Analyze API
The Diffbot Analyze API visually analyzes a web page, identifies its "page-type," and determines which Diffbot extraction API (if any) is appropriate. Pages that match a supported extraction API -- articles, discussions, images, products or videos -- will be automatically extracted and returned in the Analyze API response.
Pages not currently supported by an extraction API will return "other."
Request
To use the Analyze API, perform a HTTP GET request on the following endpoint:
https://api.diffbot.com/v3/analyze?token=...&url=...
Provide the following arguments:
Argument | Description |
---|---|
token | Developer token |
url | Web page URL of the analyze to process (URL encoded) | Optional arguments |
mode | By default the Analyze API will fully extract all pages that match an existing Automatic API -- articles, products or image pages. Set mode to a specific page-type (e.g., mode=article ) to extract content only from that specific page-type. All other pages will simply return the default Analyze fields. |
fallback | Force any non-extracted pages (those with a type of "other") through a specific API. For example, to route all "other" pages through the Article API, pass &fallback=article . Pages that utilize this functionality will return a fallbackType field at the top-level of the response and a originalType field within each extracted object, both of which will indicate the fallback API used.

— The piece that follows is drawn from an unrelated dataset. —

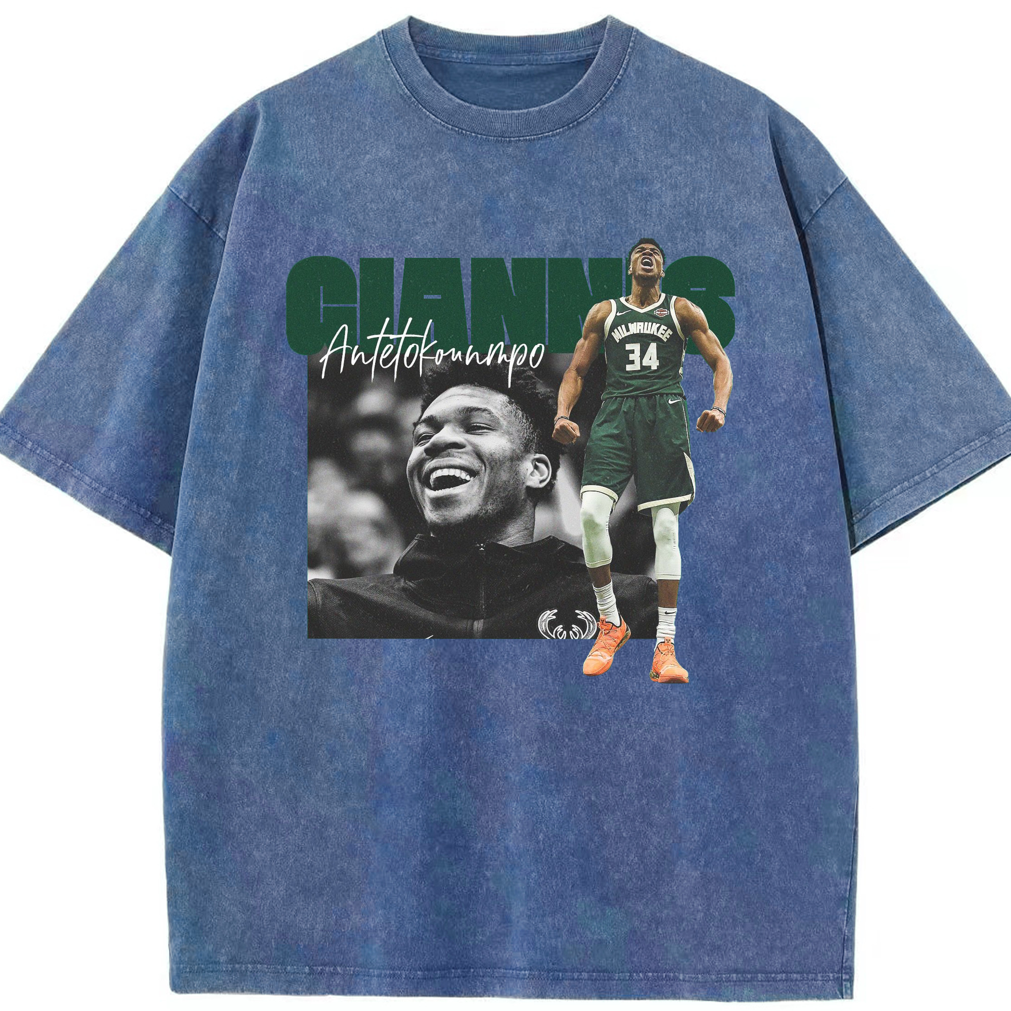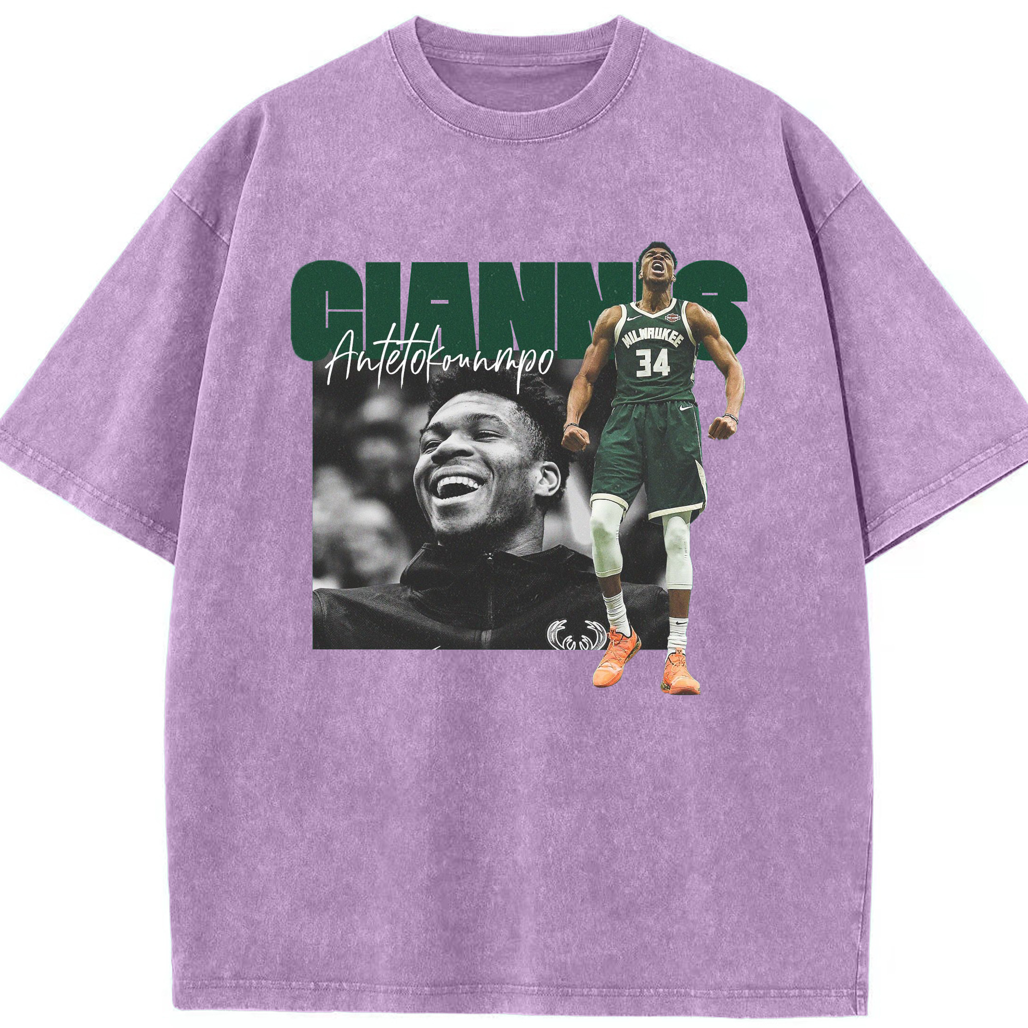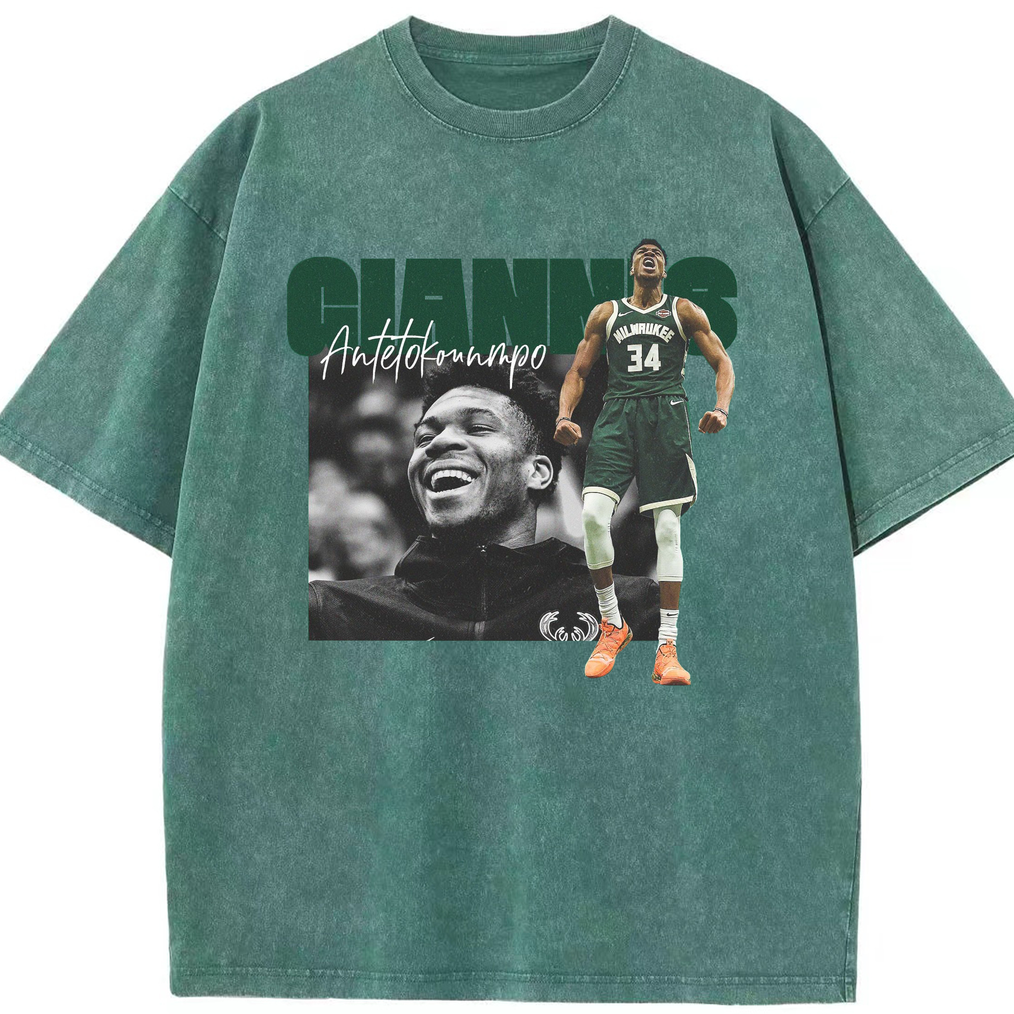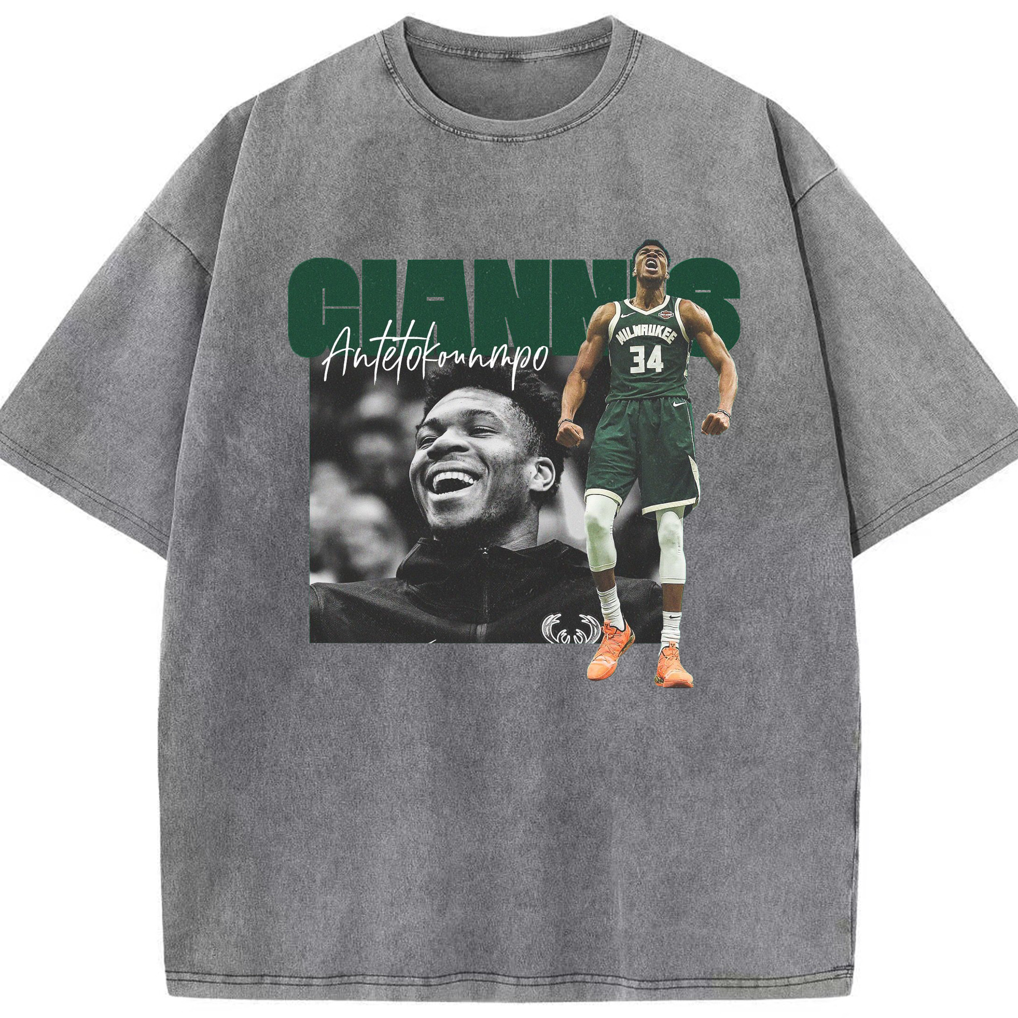 Giannis Antetokounmpo raises his arms to vent - Washed Vintage Look 230g Cotton Oversized T-Shirt With Front Heat Transfer Print – Soft, Lightweight, Stylish Fit – Comfortable Casual Wear For Sports & Everyday Use

Learn more about the fallback parameter |
fields | Specify optional fields to be returned from any fully-extracted pages, e.g.: &fields=querystring,links .See available fields within each API's individual documentation pages. |
discussion | Pass discussion=false to disable automatic extraction of comments or reviews from pages identified as articles or products. This will not affect pages identified as discussions. |
timeout | Sets a value in milliseconds to wait for the retrieval/fetch of content from the requested URL. The default timeout for the third-party response is 30 seconds (30000). |
callback | Use for jsonp requests. Needed for cross-domain ajax. |
proxy | Used to specify the IP address of a custom proxy that will be used to fetch the target page, instead of Diffbot's default IPs/proxies. (Ex: &proxy=168.212.226.204 ) |
proxyAuth | Used to specify the authentication parameters that will be used with the proxy specified in the &proxy parameter. (Ex: &proxyAuth=username:password ) |
Response
The Analyze API returns data in JSON format.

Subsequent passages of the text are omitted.